* [ASSIGNED TASK]
Copy each line below word for word and drop every image.
··· DATASET EXTRACT ···
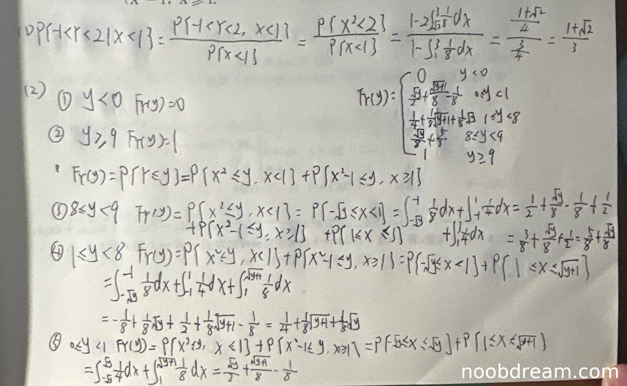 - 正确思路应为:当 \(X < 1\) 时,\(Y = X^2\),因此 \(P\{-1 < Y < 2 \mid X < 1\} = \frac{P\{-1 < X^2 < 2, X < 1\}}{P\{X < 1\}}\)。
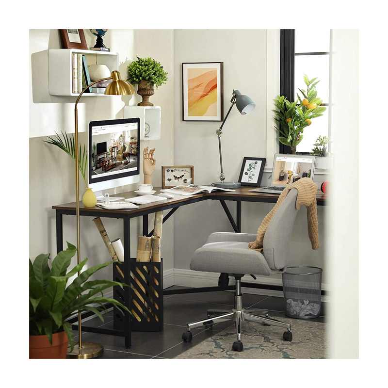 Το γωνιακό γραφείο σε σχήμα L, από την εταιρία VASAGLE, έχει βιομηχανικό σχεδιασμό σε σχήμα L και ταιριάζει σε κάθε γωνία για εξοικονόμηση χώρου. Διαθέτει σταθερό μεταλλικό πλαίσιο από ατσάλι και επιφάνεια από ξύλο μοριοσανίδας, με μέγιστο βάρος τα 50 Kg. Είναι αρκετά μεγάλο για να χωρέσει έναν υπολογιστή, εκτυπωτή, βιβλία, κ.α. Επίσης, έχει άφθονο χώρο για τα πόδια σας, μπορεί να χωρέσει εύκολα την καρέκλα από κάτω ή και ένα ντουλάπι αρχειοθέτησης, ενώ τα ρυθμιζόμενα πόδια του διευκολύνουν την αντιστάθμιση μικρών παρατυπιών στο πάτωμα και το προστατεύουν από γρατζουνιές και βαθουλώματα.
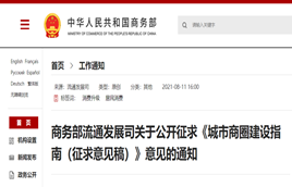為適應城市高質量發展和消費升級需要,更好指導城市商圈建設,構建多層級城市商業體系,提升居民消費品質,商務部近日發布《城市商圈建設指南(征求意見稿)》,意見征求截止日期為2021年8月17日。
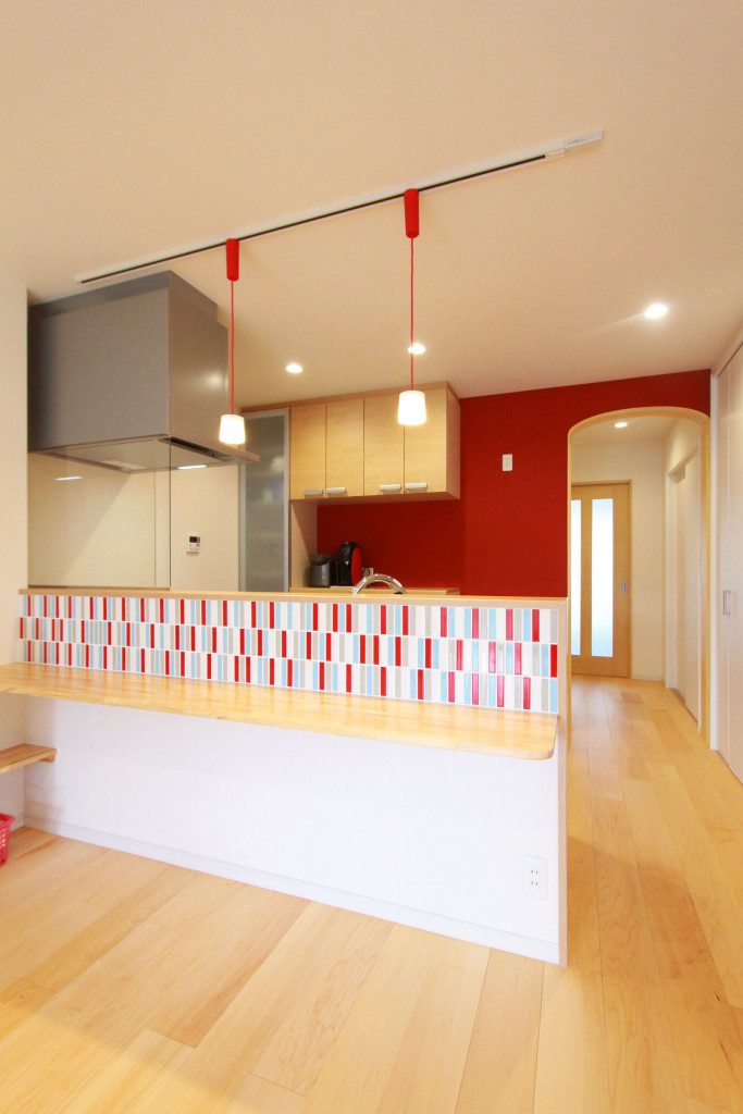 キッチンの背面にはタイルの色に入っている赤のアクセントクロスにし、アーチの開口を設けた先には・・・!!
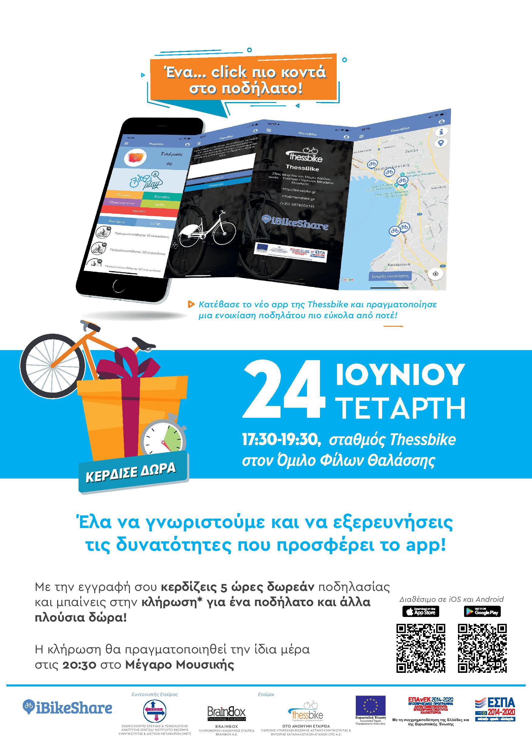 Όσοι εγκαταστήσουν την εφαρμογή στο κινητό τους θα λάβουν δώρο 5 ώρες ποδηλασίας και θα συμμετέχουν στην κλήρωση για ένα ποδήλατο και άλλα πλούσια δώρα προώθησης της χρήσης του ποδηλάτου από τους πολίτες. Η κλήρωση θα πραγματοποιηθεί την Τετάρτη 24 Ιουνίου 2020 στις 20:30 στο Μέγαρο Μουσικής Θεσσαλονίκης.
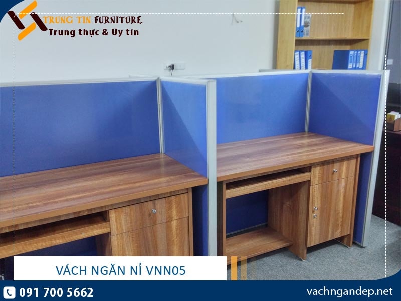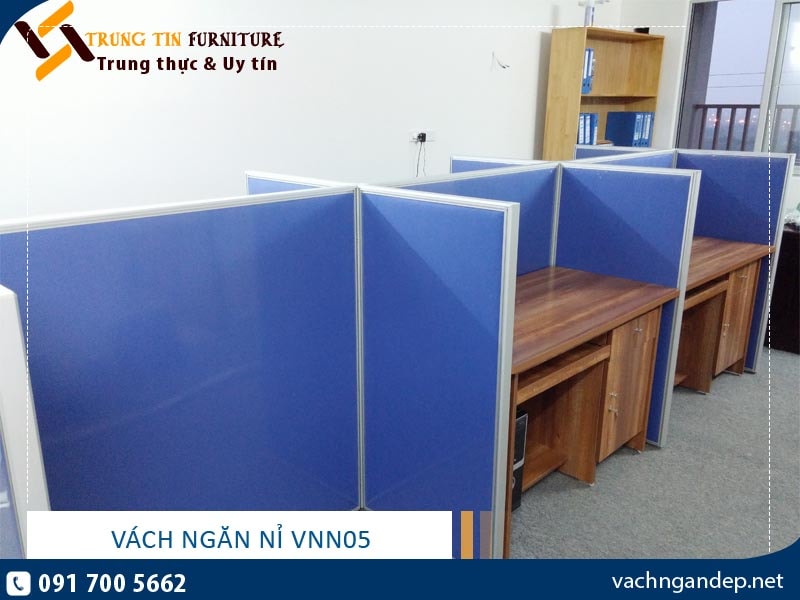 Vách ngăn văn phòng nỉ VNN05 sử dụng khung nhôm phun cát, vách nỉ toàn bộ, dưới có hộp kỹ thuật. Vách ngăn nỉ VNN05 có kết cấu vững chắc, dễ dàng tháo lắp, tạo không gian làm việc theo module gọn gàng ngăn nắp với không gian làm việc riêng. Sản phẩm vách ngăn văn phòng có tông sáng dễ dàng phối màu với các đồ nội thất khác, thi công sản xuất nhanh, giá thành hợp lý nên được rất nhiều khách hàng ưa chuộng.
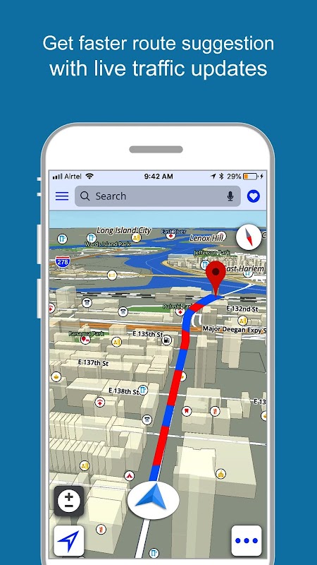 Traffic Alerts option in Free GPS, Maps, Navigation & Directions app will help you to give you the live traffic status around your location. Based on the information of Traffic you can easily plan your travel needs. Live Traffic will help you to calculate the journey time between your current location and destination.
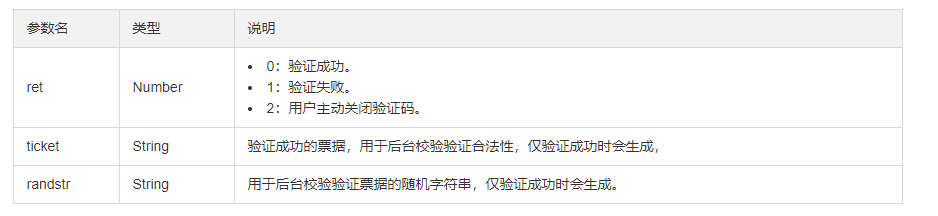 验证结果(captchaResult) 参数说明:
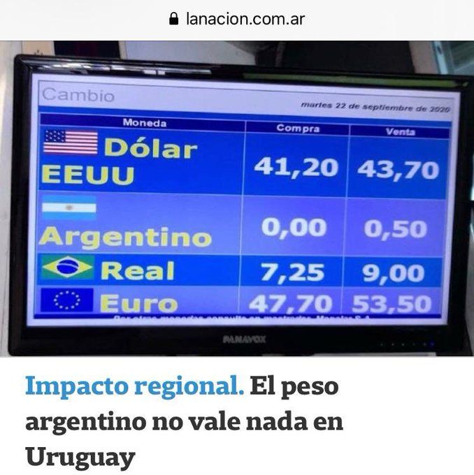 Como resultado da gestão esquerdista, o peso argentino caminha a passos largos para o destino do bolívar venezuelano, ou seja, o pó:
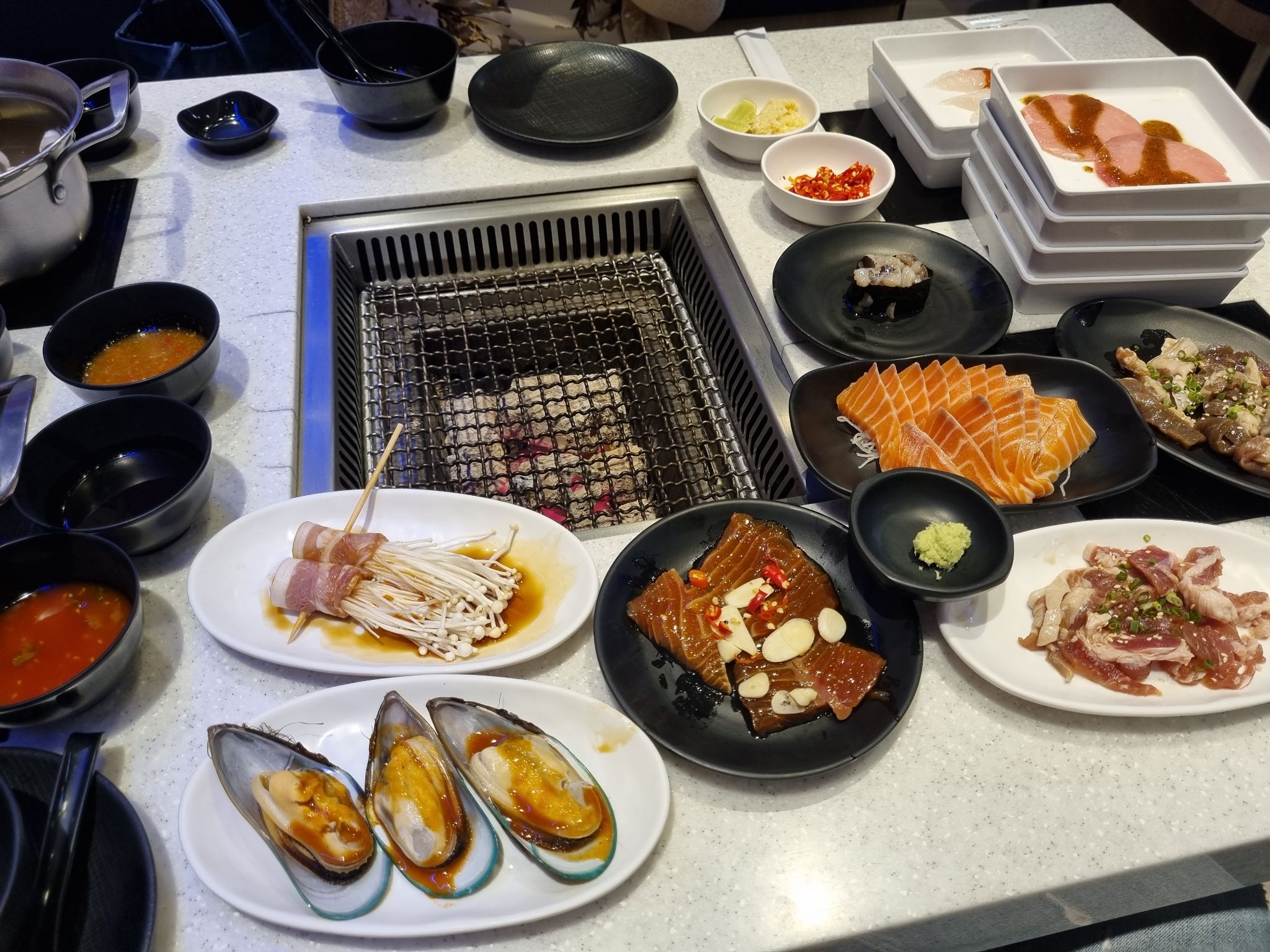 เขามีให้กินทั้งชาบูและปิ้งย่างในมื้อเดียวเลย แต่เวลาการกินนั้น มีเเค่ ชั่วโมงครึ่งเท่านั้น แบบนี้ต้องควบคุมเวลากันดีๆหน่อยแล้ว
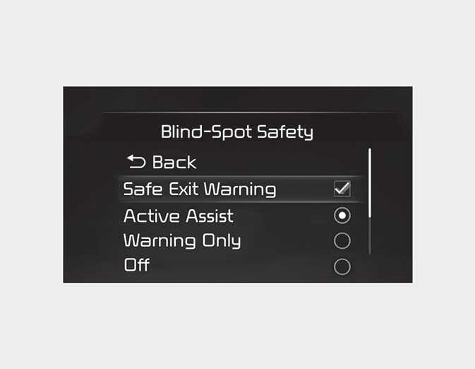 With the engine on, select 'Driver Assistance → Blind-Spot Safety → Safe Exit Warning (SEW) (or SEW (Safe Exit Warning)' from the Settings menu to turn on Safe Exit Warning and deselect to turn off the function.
···
* [EXERCISE SOLUTION]
 - 正确思路应为:当 \(X < 1\) 时,\(Y = X^2\),因此 \(P\{-1 < Y < 2 \mid X < 1\} = \frac{P\{-1 < X^2 < 2, X < 1\}}{P\{X < 1\}}\)。
 Το γωνιακό γραφείο σε σχήμα L, από την εταιρία VASAGLE, έχει βιομηχανικό σχεδιασμό σε σχήμα L και ταιριάζει σε κάθε γωνία για εξοικονόμηση χώρου. Διαθέτει σταθερό μεταλλικό πλαίσιο από ατσάλι και επιφάνεια από ξύλο μοριοσανίδας, με μέγιστο βάρος τα 50 Kg. Είναι αρκετά μεγάλο για να χωρέσει έναν υπολογιστή, εκτυπωτή, βιβλία, κ.α. Επίσης, έχει άφθονο χώρο για τα πόδια σας, μπορεί να χωρέσει εύκολα την καρέκλα από κάτω ή και ένα ντουλάπι αρχειοθέτησης, ενώ τα ρυθμιζόμενα πόδια του διευκολύνουν την αντιστάθμιση μικρών παρατυπιών στο πάτωμα και το προστατεύουν από γρατζουνιές και βαθουλώματα.
為適應城市高質量發展和消費升級需要,更好指導城市商圈建設,構建多層級城市商業體系,提升居民消費品質,商務部近日發布《城市商圈建設指南(征求意見稿)》,意見征求截止日期為2021年8月17日。
 キッチンの背面にはタイルの色に入っている赤のアクセントクロスにし、アーチの開口を設けた先には・・・!!
 Όσοι εγκαταστήσουν την εφαρμογή στο κινητό τους θα λάβουν δώρο 5 ώρες ποδηλασίας και θα συμμετέχουν στην κλήρωση για ένα ποδήλατο και άλλα πλούσια δώρα προώθησης της χρήσης του ποδηλάτου από τους πολίτες. Η κλήρωση θα πραγματοποιηθεί την Τετάρτη 24 Ιουνίου 2020 στις 20:30 στο Μέγαρο Μουσικής Θεσσαλονίκης.
 Vách ngăn văn phòng nỉ VNN05 sử dụng khung nhôm phun cát, vách nỉ toàn bộ, dưới có hộp kỹ thuật. Vách ngăn nỉ VNN05 có kết cấu vững chắc, dễ dàng tháo lắp, tạo không gian làm việc theo module gọn gàng ngăn nắp với không gian làm việc riêng. Sản phẩm vách ngăn văn phòng có tông sáng dễ dàng phối màu với các đồ nội thất khác, thi công sản xuất nhanh, giá thành hợp lý nên được rất nhiều khách hàng ưa chuộng.
 Traffic Alerts option in Free GPS, Maps, Navigation & Directions app will help you to give you the live traffic status around your location. Based on the information of Traffic you can easily plan your travel needs. Live Traffic will help you to calculate the journey time between your current location and destination.
 验证结果(captchaResult) 参数说明:
 Como resultado da gestão esquerdista, o peso argentino caminha a passos largos para o destino do bolívar venezuelano, ou seja, o pó:
 เขามีให้กินทั้งชาบูและปิ้งย่างในมื้อเดียวเลย แต่เวลาการกินนั้น มีเเค่ ชั่วโมงครึ่งเท่านั้น แบบนี้ต้องควบคุมเวลากันดีๆหน่อยแล้ว
 With the engine on, select 'Driver Assistance → Blind-Spot Safety → Safe Exit Warning (SEW) (or SEW (Safe Exit Warning)' from the Settings menu to turn on Safe Exit Warning and deselect to turn off the function.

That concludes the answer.